Make sure you check all of your school-owned instruments before letting kids play them.
I feel dumb even typing this for public consumption. I stupidly assumed that instruments were left in working order in the summer before I was hired. False. I found a bari sax mouthpiece that looked like this...
I also found a baritone whose valves were so stuck that no amount of my work could get them loose and a different bari sax that was missing a spring and a key guard on the low C key.
Don't assume that your students know anything in your first year.
...especially the older they are when you start. I know that the elementary band director who has them for two years before they come to the middle school teaches them appropriate terminology but a lot of 8th graders claim that they have never heard of dynamics, articulation, or the difference between B-flat and B-natural. If I had a nickle for every time I had either of these two conversations in a band lesson - "What do we call louds and softs in music?" silence... "It rhymes with sch-my-namics?" silence... Or "What note does the E-flat scale start on?" with the response "E?", I would have a lot of nickles. I just have to keep the faith that the 6th graders who will have me for three years will be brilliant!
Remember that the winter concert comes way too soon, especially due to how many days school is not in session in November.

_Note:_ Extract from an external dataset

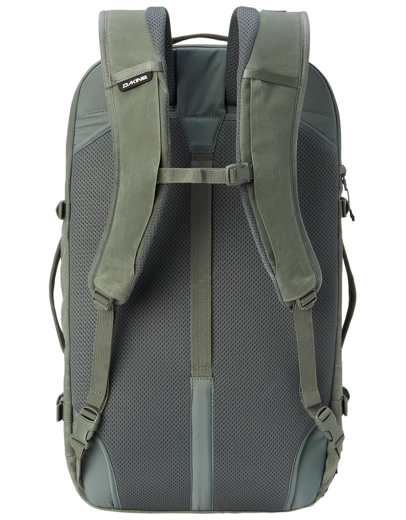 Sac à dos de voyage Dakine Split Adventure Backpack 38L Mulled Basil, format cabine avion, ouverture en deux parties avec housse PC, poche tablette polaire et compartiment chaussures séparé, bretelles amovibles et sangles de compression latérale.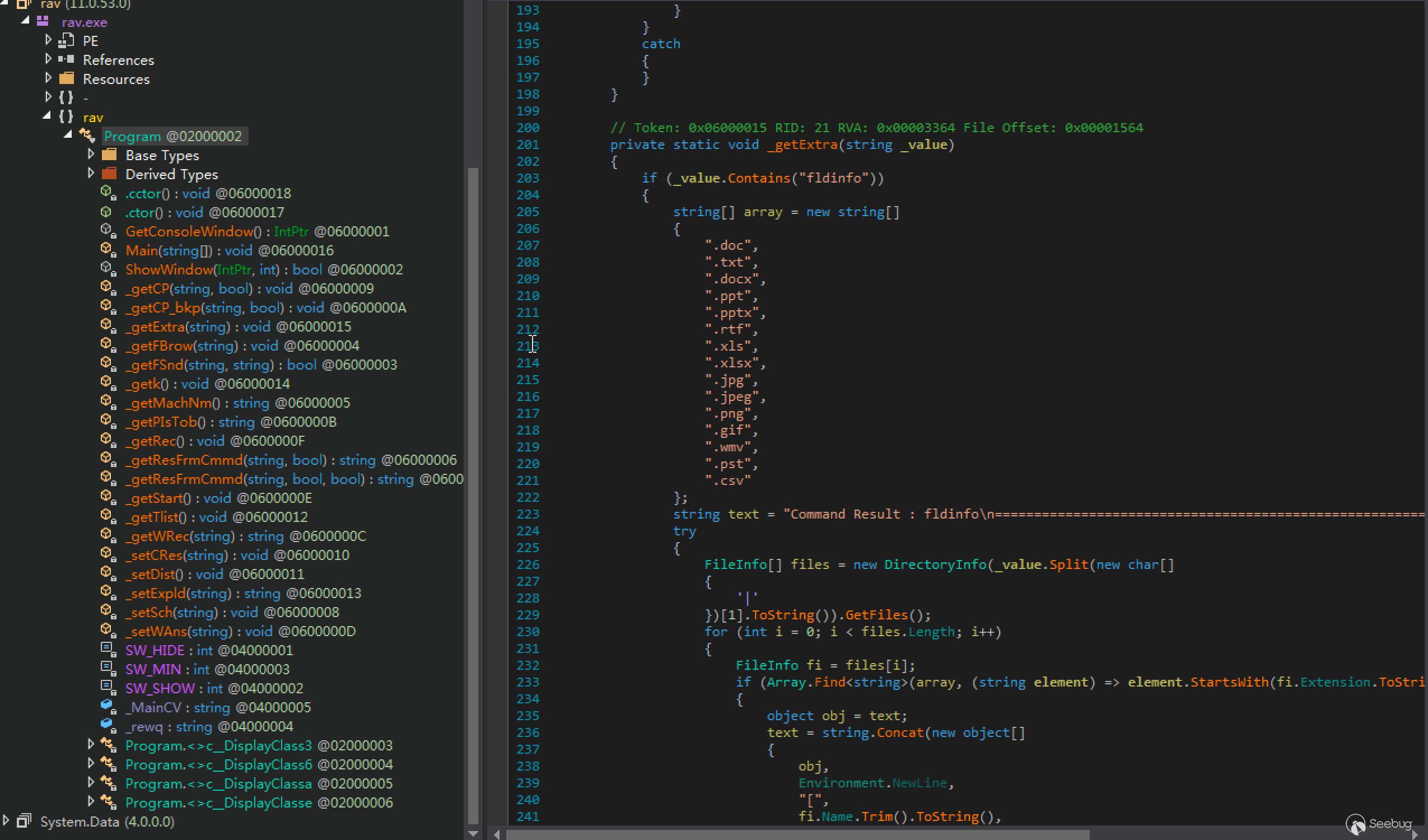 而文檔釋放的惡意文件為一個.net編寫的RAT:

I thought that December was so far away and that as long as I picked easy-ish music we could do 3 pieces for both the 6th Grade Band and 7th & 8th Grade Band. False. Each band is doing 2 pieces and I'm on edge that it's not going to sound like anything but a hot mess. I even had to cut out the B section from one of the 6th Grade Band pieces which makes me sad but was a necessary move. In my district and many in NJ, the kids get off an entire week in the beginning of November - 2 days for the NJ Educators Association convention, in-services for 2 days, and that Wednesday is off as well because it would be dumb to have one day of school. We also had 4 half days that make our normal 15 minutes of rehearsal time cut down to approximately 2 (aka I attempt to have the kids come early but they all forget and less than half the band is there). Then there's Thanksgiving and Black Friday...then December 11th happens. In comparison, the spring concert will be a breeze in terms of prep time. Also in my defense, I didn't know the kids and that plus the above assumptions put us behind the 8-ball.
So those are my three big oopsies thus far. In other world news, my musical went really well! There are many things that I will do differently next year, but for my first time doing a musical (I'm totally not counting the 3-5th grade musical I did last year because there were no scene changes, no blocking, and the dances were confined to stepping in place and moving arms) it went well. My choreography was surprisingly not bad, the staging worked, and the kids had good diction and sang at a healthy volume. I'm already looking forward to next year and so are the kids, so that's a sign I did something right! For now, I will enjoy being home at a reasonable hour and not being stressed constantly...that is to say I won't be stressed unless I think about my concert. : )
To close, I want to repost a status I wrote about 2 weeks ago.
I remember junior year when I thought I was on the struggle bus during student teaching. Then senior year was super stressful and my first year of teaching was so busy and I felt unprepared for life. Comparatively those things seem like nothing to how busy and stressed I have been this year. But through everything, I've survived! It puts things in perspective when you think back on what (at the time) were the "hardest" moments of your life and see that now you're doing way more and kicking butt doing it. Exhausted but grateful.